Turkey's Kavala says life term confirmation 'does not value law'
Turkish civil society leader Osman Kavala on Friday said a decision by the top appeals court that upheld his life sentence disregarded law and human life.
A Turkish court in April sentenced the 65-year-old to life in prison for attempting to overthrow then-prime minister Recep Tayyip Erdogan's government during large-scale protests in 2013.
The ruling for the Paris-born philanthropist, who has been jailed since 2017, sparked protests from governments around the world, including the United States, Germany and France, and international rights advocates.
Turkey's top appeals court on Thursday upheld the life sentence for Kavala while overturning prison sentences for three other civil society leaders in the same case, who were subsequently released on probation.
Enis Berberoglu, an opposition lawmaker who has served time in prison, visited Kavala on Friday in Silivri on the outskirts of Istanbul, where many government critics are jailed.
"(Kavala) told me he saw the court decision on television last night while writing a letter," Berberoglu told AFP.
"When he was writing 'if I had to stay here longer' ... he saw the flash on TV and wrote in the letter 'I think I will stay long'", the lawmaker said.
Berberoglu said Kavala's reaction to the ruling was: "This decision is a result of an understanding that does not value law or human life".
But the lawmaker noted: "I saw him in good morale."
Kavala was one of tens of thousands of Turks who were either jailed or fired from their jobs in purges that followed a bloody coup attempt against Erdogan when he was already president in 2016.
He was first charged with funding a wave of protests in 2013, which presented one of the biggest challenges for Erdogan.
A court acquitted and released him in February 2020 -- only for the police to rearrest him before he had a chance to return home to his wife.
Another court then accused him of being involved in the failed 2016 putsch.
European officials and human rights activists have condemned the confirmation Kavala's sentence.

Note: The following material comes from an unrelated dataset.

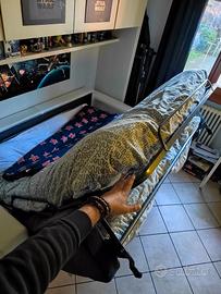 Divano letto 3 posti - meccanismo a ribalta modello ROSY (Mondo Convenienza) 204 x 95 x 90 Rivestimento eco bianco, tessuto gordon grigio scuro

The decision "further increases the concerns of the European Union regarding the Turkish judiciary's adherence to international and European standards," said Peter Stano, spokesman for the EU's top diplomat Josep Borrell.
As an EU candidate nation "Turkey is expected to comply with democratic standards and practices," he added.

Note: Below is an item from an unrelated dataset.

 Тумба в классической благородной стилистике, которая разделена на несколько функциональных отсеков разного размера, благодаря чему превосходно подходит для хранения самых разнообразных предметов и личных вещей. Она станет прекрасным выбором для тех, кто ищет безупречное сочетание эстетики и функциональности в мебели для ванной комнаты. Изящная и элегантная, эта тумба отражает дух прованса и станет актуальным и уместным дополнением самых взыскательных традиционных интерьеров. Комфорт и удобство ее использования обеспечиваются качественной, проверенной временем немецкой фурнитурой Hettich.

"Every day that Osman Kavala is imprisoned is one day too many", the German Foreign Ministry said on the X social network, formerly Twitter.

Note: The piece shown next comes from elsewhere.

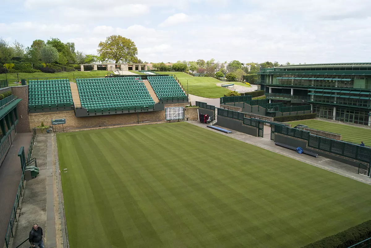 Mas não é uma grama qualquer — tipo aqueles tapetes verdes quadrados de grama que são replantados nos jardins. A grama sagrada, como é chamada por tenistas como Martina Navratilova, John McEnroe, Pete Sampras, Steffi Graf e Roger Federer, 100% Lolium perenne, é, em cada quadra, semeada (são 9 toneladas de sementes usadas a cada ano), germinada, cuidadosamente irrigada e cortada a uma altura de 8 milímetros. Grama tem o mesmo valor de ouro em Wimbledon.

Amnesty International slammed Thursday's court verdict as "politically motivated" and "an attempt to silence independent voices."
"This appalling decision is a devastating politically-motivated blow for human rights," its campaigns director for Europe Ruth Tanner said in a statement.
"The appeal court's decision defies all logic given that the prosecuting authorities have repeatedly failed to provide any evidence to substantiate the baseless charges laid against them."
Ankara has flouted a succession of rulings by the European Court of Human Rights in recent years, notably concerning two anti-Erdogan figures: Kavala and Kurdish politician Selahattin Demirtas.
Erdogan, who again won elections in May, has reaffirmed Turkey's commitment to resume long-stalled negotiations to join the European Union but Brussels says it wants to see concrete progress on democracy and rule of law.
The European Parliament's Turkey rapporteur Nacho Sanchez Amor also slammed the ruling against Kavala.
"It's in these kind of things where we should test Turkey's real will to reactivate the EU accession process," he commented on social media.
"Good-will statements are empty talk if not accompanied by real actions. Sadly the actions keep undermining Turkey's EU prospects. This is a big step further away from the EU," he said on X.